6.3.33 Self-employment

Last amended: 24 February 2011

Establishing the level of Normal Earnings (NE) or Actual Earnings (AE) in suitable employment for a self-employed client presents particular difficulties.

The method of assessing a person's AE derived from self-employment may vary depending on the individual circumstances of each case.

There is a considerable body of case law (discussed below) which demonstrates that in assessing a self-employed applicant's AE, it may be necessary for the decision maker to look beyond the net income that a person has allocated themselves as a salary from the business.  While in some cases a person's net income might accurately reflect their AE, it has been established that AE should not necessarily be equated with the profit or loss of a business.

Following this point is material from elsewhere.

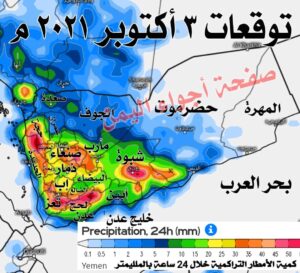 وتابع :” كذلك هناك توقعات بتشكل حالة مدارية في بحر العرب بعد ٧ أكتوبر ٢٠٢١م ، في وقت الموسم الثاني لأعاصير بحر العرب والذي يبدأ من تاريخ ٢١ سبتمبر ويستمر حتى ٢١ نوفمبر من كل عام .

In certain situations, it may be appropriate to consider the gross earnings of the business as a guide, as the figure provided to reflect a person's net income may conceal expenditure which might not otherwise be regarded as business expenditure.  When examining the gross earnings of a business it is necessary to exclude expenses that are clearly related to the running of the business, such as the purchase of stock, staff wages or rent on premises used exclusively for the purpose of running a business. As a general rule, only expenses directly related to the normal operation of the business should be excluded when examining the gross earnings of the business.

Delegates may also refer to the Compensation and Support Policy library (which were developed for the purpose of assessing income for service pension eligibility) for further guidance when assessing earnings from self-employment. References describing allowable deductions from sole traders and partnerships are written specifically for income support delegates assessing business income under the Veterans' Entitlements Act 1986 and should not be used to guide decision making. It is also important to note that this advice is highlighted as guidance, it is not binding.    

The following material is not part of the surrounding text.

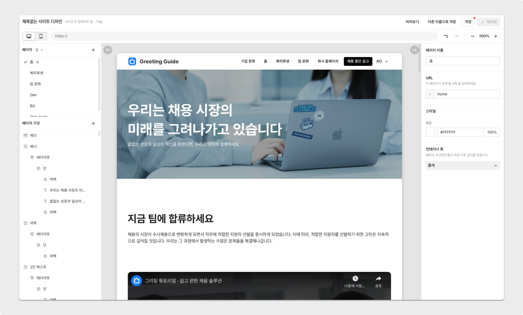 우리 회사만의 특색을 보여주는 채용 홈페이지, 그리팅으로 만들어보세요!

In other cases it may be appropriate to consider the likely cost of employing another person to provide the same services, as an indication of what the person would reasonably have derived as personal income from the business.  Delegates should refer to the appropriate award rate of pay for a person doing similar work where the earnings from self-employment are less than the award rate of pay.  Information about award rates of pay can be obtained from the relevant State of Territory Department of Industrial Relations website or on the Fair Work Australia website at http://www.fwa.gov.au/

Case Law

The principle that AE should not be equated with net profit was reflected in the High Court decision in J & H Timbers Pty Ltd v Nelson [1972] and the more recent Federal court decision in Comcare v Davies [2008].

In Comcare v Davies the applicant ran her own business in which expenditure exceeded total income such that there was a net loss.  The Federal Court held that AE should not be confused with the ability to run a profitable business.

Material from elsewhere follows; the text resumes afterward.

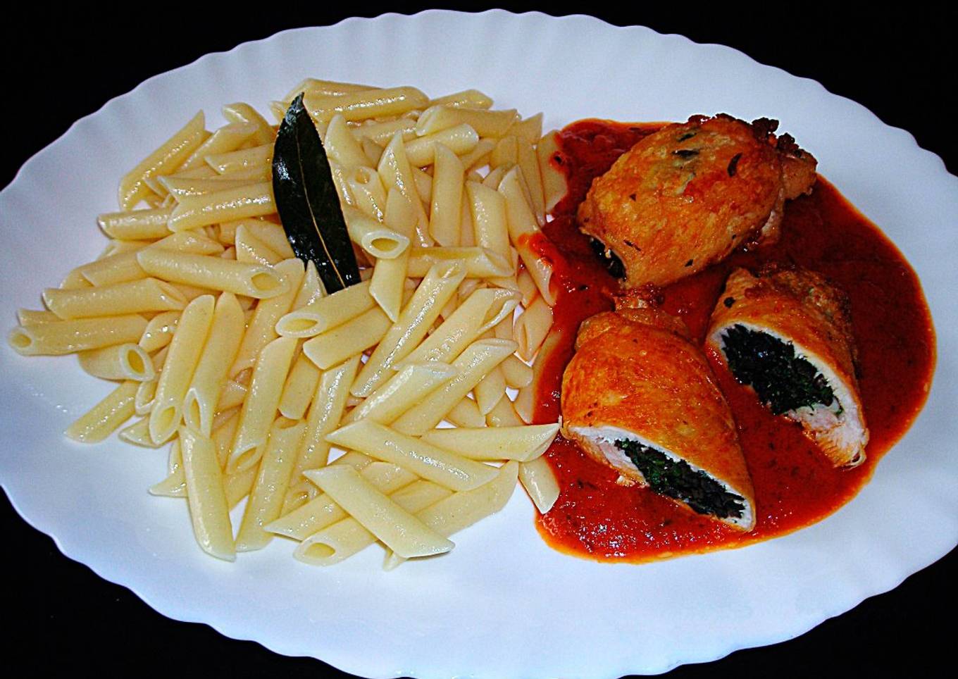 - Reparte la pasta en cuatro platos y la salsa de tomate frito. Encima de la salsa coloca los rulos de pechuga de pollo rellenos.

In the AAT cases of Hooper v Comcare [2001], Robinson v Military Rehabilitation and Compensation Commission [2008] and Warnock v Comcare [2008], the Tribunal observed that in cases of self-employment, actual net profit or wages drawn by the owner of a business may not be good indicators of AE.  This is because expenses debited to the accounts may be inconsistently applied, not in accordance with good accounting practice or because actual net profit may conceal expenditure which might not otherwise be regarded as business expenditure.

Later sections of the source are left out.